#### Data
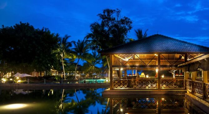 Отель The Leela Goa расположен в живописнейшем месте города Кавелоссим. От песчаного пляжа его отделяет несколько минут спокойной ходьбы. Для купания на территории отеля оборудовано 2 бассейна. А из номеров отеля можно любоваться не только парком и внутренним двориком, но и видом на лагуну.
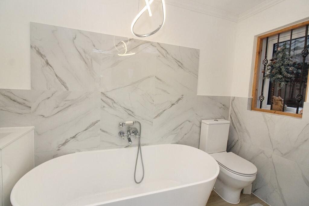 This three-bedroom, two-bathroom property located on Eisenhower Road in Shefford, Bedfordshire presents a compelling opportunity for families seeking a home in a desirable area. The house has clearly undergone recent renovations, boasting modern bathrooms and a sleek, updated kitchen. The interior is bright and well-presented, reflecting contemporary design choices. The inclusion of a rear garden adds to its appeal. The property’s proximity to highly-rated local schools is a significant advantage for families with children. While there is minor wall damage visible in one image, this is not extensive and appears repairable. The lack of precise plot size information and the moderate distance to Arlesey train station are aspects that may influence potential buyers’ decisions. Overall, the property is a solid offering that balances modern updates with the convenience of a well-regarded town location. The list price appears to be reasonably competitive with similar properties in the area.
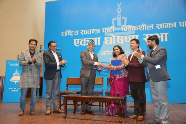 काठमाडौं । आफूलाई वैकल्पिक शक्ति दाबी गर्ने २ राजनीतिक शक्तिबिच एकता भएको छ ।
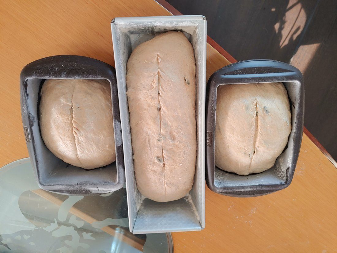 Anstatt Brot einzukaufen, wollte ich auch mal meinen Gas-Backofen ausprobieren und habe eine Brotbackmischung aufgemacht. Der Teig war mit dem elektrischen Handrührer schnell geknetet. Es dauerte tatsächlich eine Weile bis der Backofen auf Temperatur war. In weiser Voraussicht hatte ich mir schon in Deutschland einen Thermometer für den Ofen gekauft, sonst hätte ich nie die richtige Temperatur gefunden. Der Backofen selbst hat nichts, um die Temperatur zu bestimmen.
########
§ **Instructions for the task**: When you reach the line holding "This three-bedroom, two-bathroom" in the listing above, begin retyping exactly, and stop once the line holding "काठमाडौं । आफूलाई" is done; pictures stay out.

§ **Result for this task**:
 This three-bedroom, two-bathroom property located on Eisenhower Road in Shefford, Bedfordshire presents a compelling opportunity for families seeking a home in a desirable area. The house has clearly undergone recent renovations, boasting modern bathrooms and a sleek, updated kitchen. The interior is bright and well-presented, reflecting contemporary design choices. The inclusion of a rear garden adds to its appeal. The property’s proximity to highly-rated local schools is a significant advantage for families with children. While there is minor wall damage visible in one image, this is not extensive and appears repairable. The lack of precise plot size information and the moderate distance to Arlesey train station are aspects that may influence potential buyers’ decisions. Overall, the property is a solid offering that balances modern updates with the convenience of a well-regarded town location. The list price appears to be reasonably competitive with similar properties in the area.
 काठमाडौं । आफूलाई वैकल्पिक शक्ति दाबी गर्ने २ राजनीतिक शक्तिबिच एकता भएको छ ।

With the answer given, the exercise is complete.